● Task goal: Type out the complete listing below word for word, without its pictures.

● Exercise input:
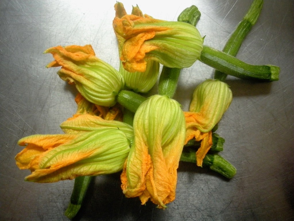 In a bowl mix whisk together 3tbsp flour, a sprinkling of thyme, and a pinch salt with a little water to form a loose paste. Dredge 6 courgette flowers till well-coated in the batter and then fry in a little rapeseed/canola oil till golden on both sides. Place on kitchen towel to soak up any extra oil and serve sprinkled with a little sea salt.
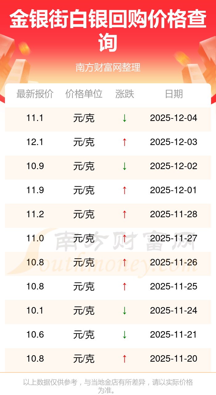 金银街今日白银回购的最新市场行情价为11.1元/克。
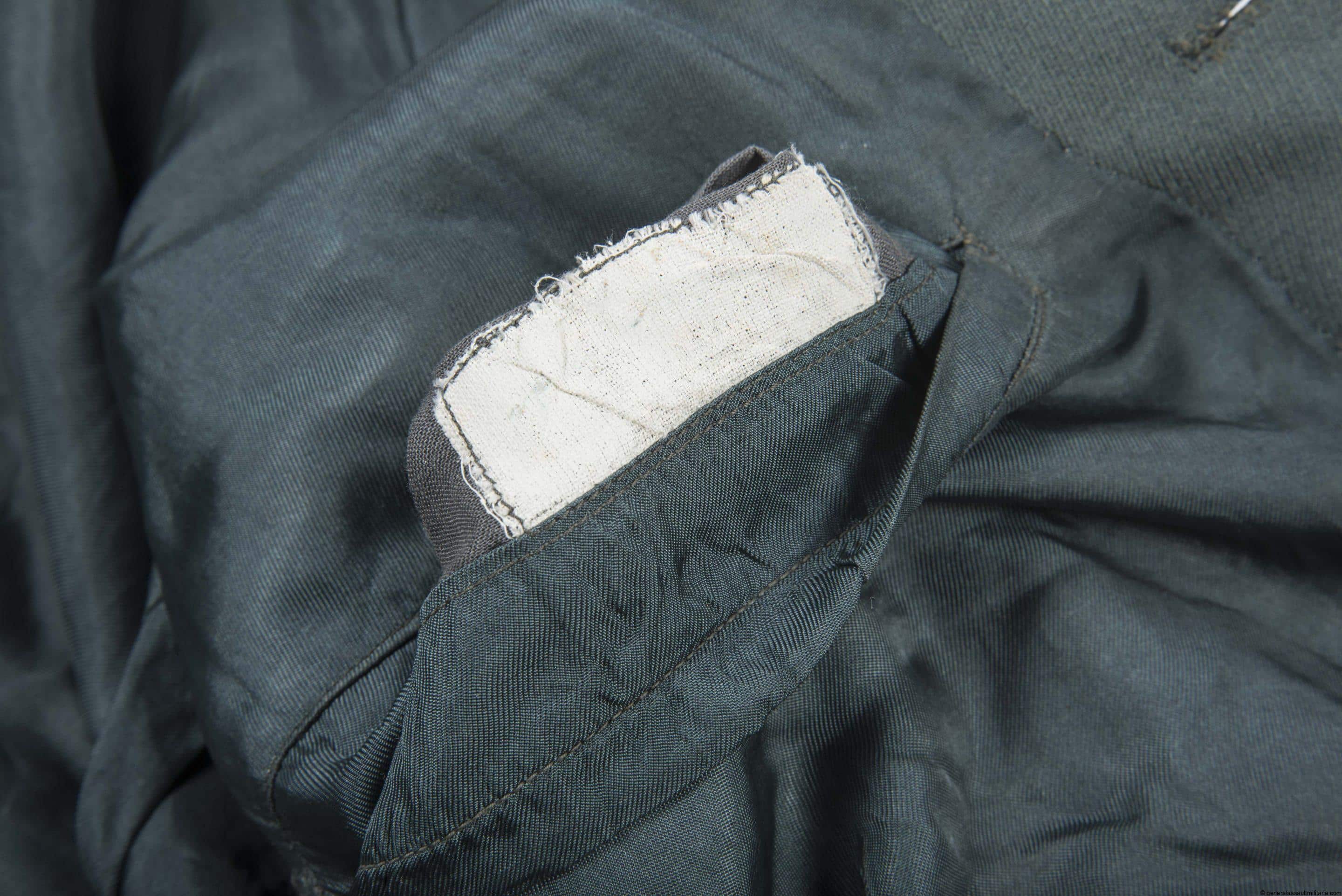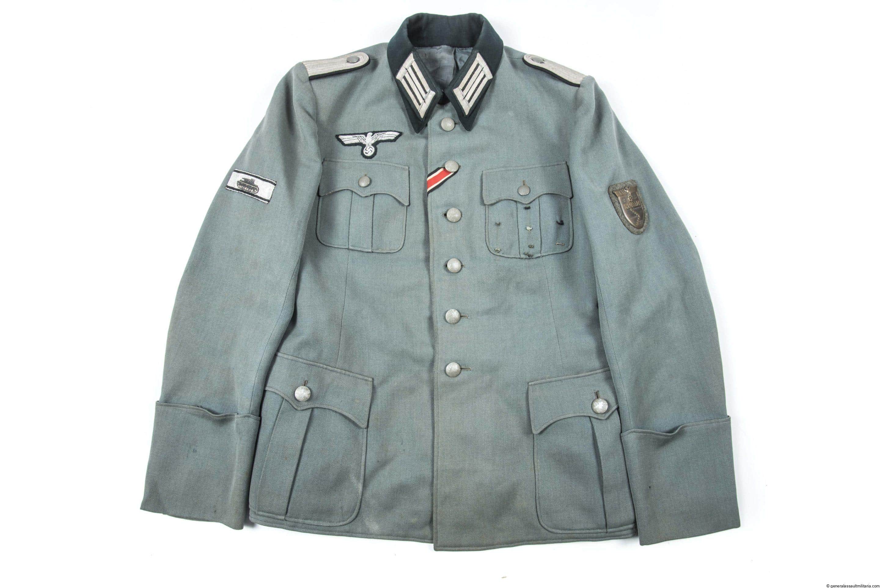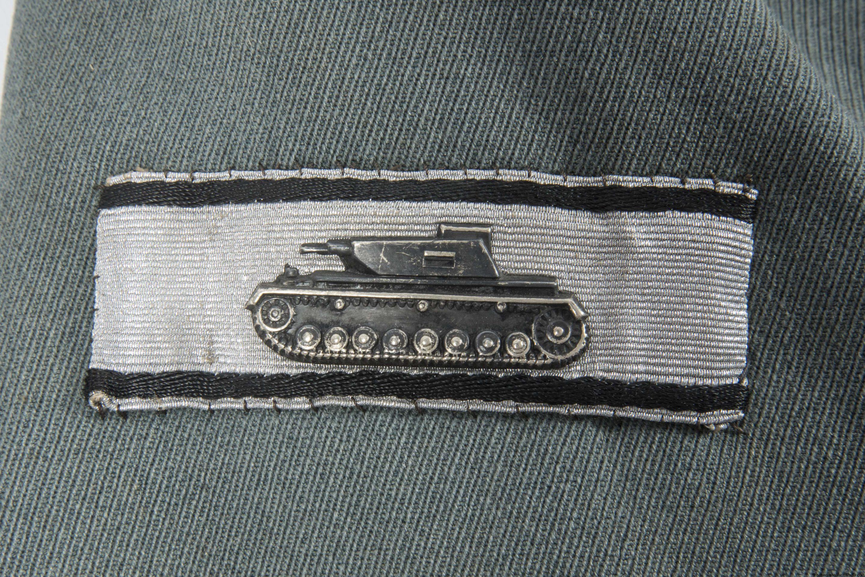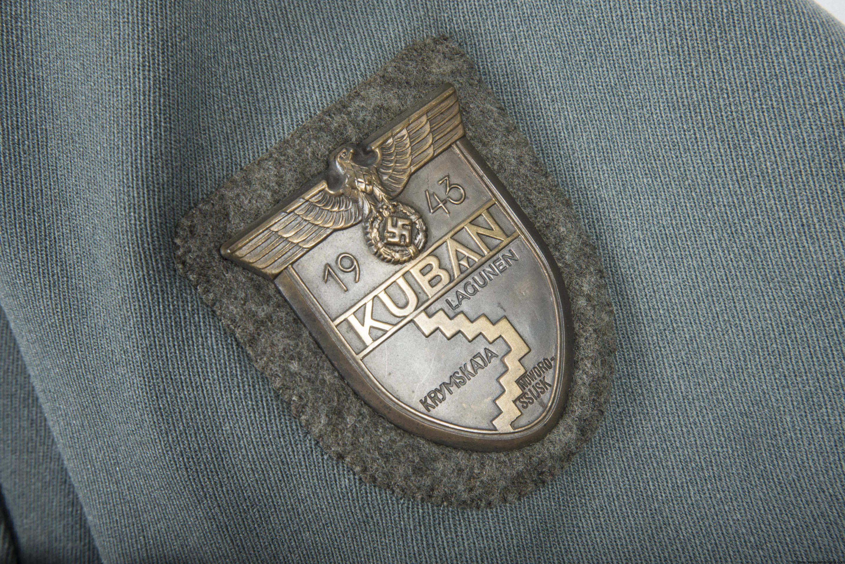 M36 style private tailored Pionier Leutnant officer jacket with tank destruction badge and Kuban shield. Garbadine cloth officer jacket with hand sewn bullion officers eagle, lightly worn Kuban shield and rare early nickel silver “Panzervernichtungsabzeichen” that remains in nicely worn condition. Shows 4 sets of loops with the top loops showing streaching from wear. All green finished aluminum buttons are present and show matching wear. Black piped Pionier tabs and boards are nicely sewn in and remain in good worn condition. Shows a name tag on the inside, but remains in extremely difficult to read condition and has nearly completely faded. Very rare TDA uniform from a highly decorated Pionier Leutnant.
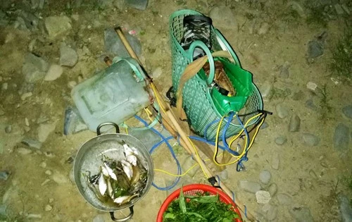 Thông tin điều tra bước đầu, chiều 7-9, K’Sép mang bộ dụng cụ xung điện (bình ắc quy, cần rà) đến khu vực suối 7 (thuộc thôn Phước Bình, xã Phước Lộc) để chích cá.
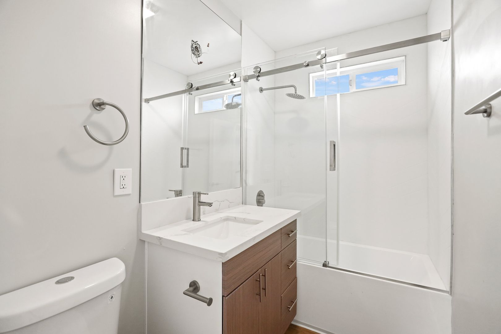| BATH | - Tiled Shower and Bath - Glass Shower Doors - Oversized Vanity Mirror
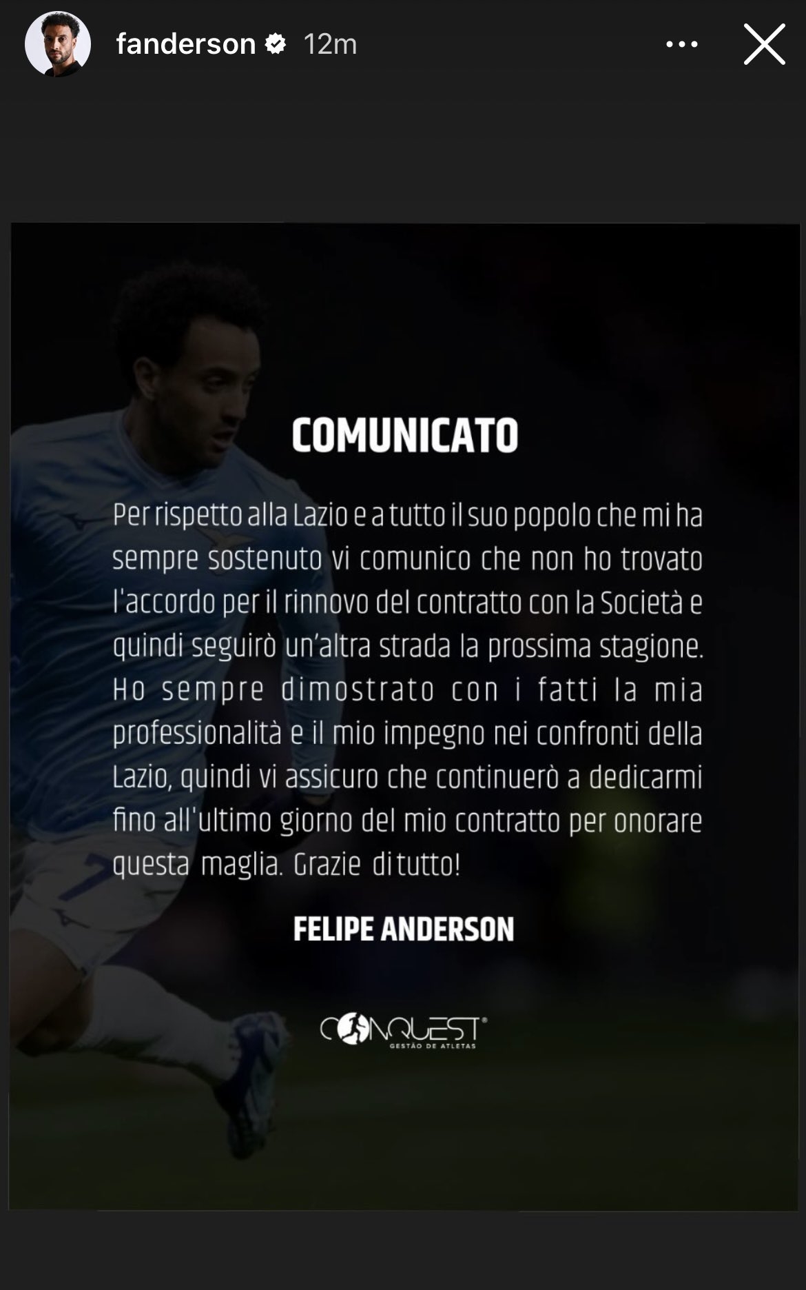 4月16日讯 不久前,拉齐奥边锋费利佩-安德森发文宣布将在本赛结束后离开拉齐奥。
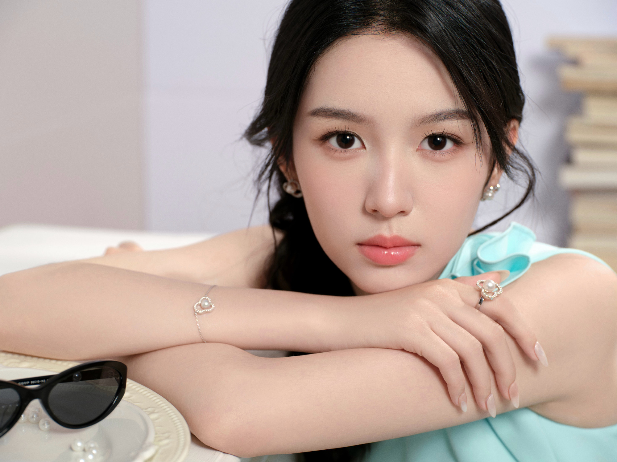 甜美微笑,温柔可人,珍珠项链点缀,尽显优雅气质!
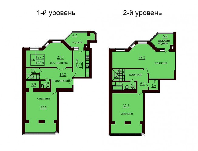 ДВОРІВНЕВА КВАРТИРА 198.00 М/КВ
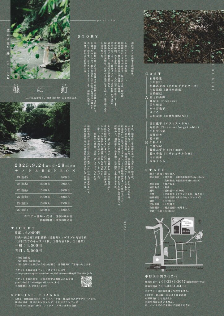 「Prelude第12回本公演『糠に釘』」に藤峰みずきが出演します!
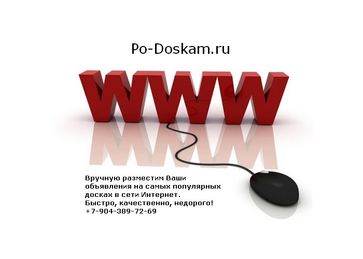 Предоставляем услуги по ручному размещению Ваших объявлений на самых популярных досках Российского Интернета. Интересуют как разовые заказы, так и долгосрочное сотрудничество. Так же, работаем по отдельным регионам и тематическим доскам. Быстро, качественно, недорого.
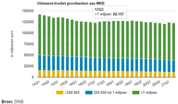 Gedurende de periode 2014-2021 is de totale kredietverlening aan het MKB afgenomen van € 92 miljard naar € 84 miljard. Sterkste daling vond plaats onder financieringen kleiner dan € 1 miljoen. (rekening houdend met de groei van de economie en inflatie, dan is de daling nog groter)
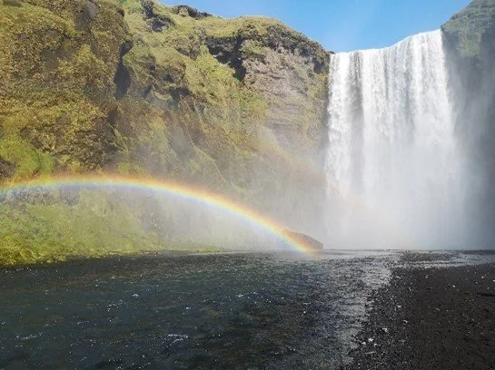 Skógafoss es una de las cascadas más icónicas y fotografiadas de Islandia, es famosa por su caída vertical de 60 metros y su enorme anchura de 25 metros.
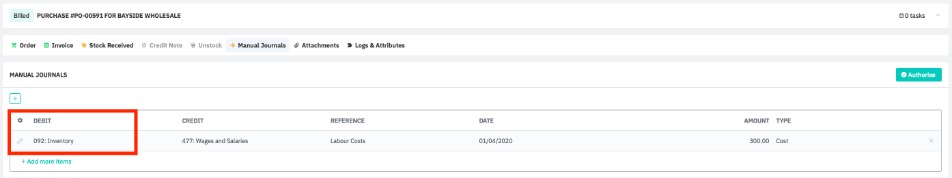 Manual journals can be used to allocate expenses to products during Purchases, Stock Transfers, and Assemblies. Allocated expenses will increase the stock on hand value of your inventory.

● Exercise response:
 In a bowl mix whisk together 3tbsp flour, a sprinkling of thyme, and a pinch salt with a little water to form a loose paste. Dredge 6 courgette flowers till well-coated in the batter and then fry in a little rapeseed/canola oil till golden on both sides. Place on kitchen towel to soak up any extra oil and serve sprinkled with a little sea salt.
 金银街今日白银回购的最新市场行情价为11.1元/克。
 M36 style private tailored Pionier Leutnant officer jacket with tank destruction badge and Kuban shield. Garbadine cloth officer jacket with hand sewn bullion officers eagle, lightly worn Kuban shield and rare early nickel silver “Panzervernichtungsabzeichen” that remains in nicely worn condition. Shows 4 sets of loops with the top loops showing streaching from wear. All green finished aluminum buttons are present and show matching wear. Black piped Pionier tabs and boards are nicely sewn in and remain in good worn condition. Shows a name tag on the inside, but remains in extremely difficult to read condition and has nearly completely faded. Very rare TDA uniform from a highly decorated Pionier Leutnant.
 Thông tin điều tra bước đầu, chiều 7-9, K’Sép mang bộ dụng cụ xung điện (bình ắc quy, cần rà) đến khu vực suối 7 (thuộc thôn Phước Bình, xã Phước Lộc) để chích cá.
| BATH | - Tiled Shower and Bath - Glass Shower Doors - Oversized Vanity Mirror
 4月16日讯 不久前,拉齐奥边锋费利佩-安德森发文宣布将在本赛结束后离开拉齐奥。
 甜美微笑,温柔可人,珍珠项链点缀,尽显优雅气质!
 ДВОРІВНЕВА КВАРТИРА 198.00 М/КВ
 「Prelude第12回本公演『糠に釘』」に藤峰みずきが出演します!
 Предоставляем услуги по ручному размещению Ваших объявлений на самых популярных досках Российского Интернета. Интересуют как разовые заказы, так и долгосрочное сотрудничество. Так же, работаем по отдельным регионам и тематическим доскам. Быстро, качественно, недорого.
 Gedurende de periode 2014-2021 is de totale kredietverlening aan het MKB afgenomen van € 92 miljard naar € 84 miljard. Sterkste daling vond plaats onder financieringen kleiner dan € 1 miljoen. (rekening houdend met de groei van de economie en inflatie, dan is de daling nog groter)
 Skógafoss es una de las cascadas más icónicas y fotografiadas de Islandia, es famosa por su caída vertical de 60 metros y su enorme anchura de 25 metros.
 Manual journals can be used to allocate expenses to products during Purchases, Stock Transfers, and Assemblies. Allocated expenses will increase the stock on hand value of your inventory.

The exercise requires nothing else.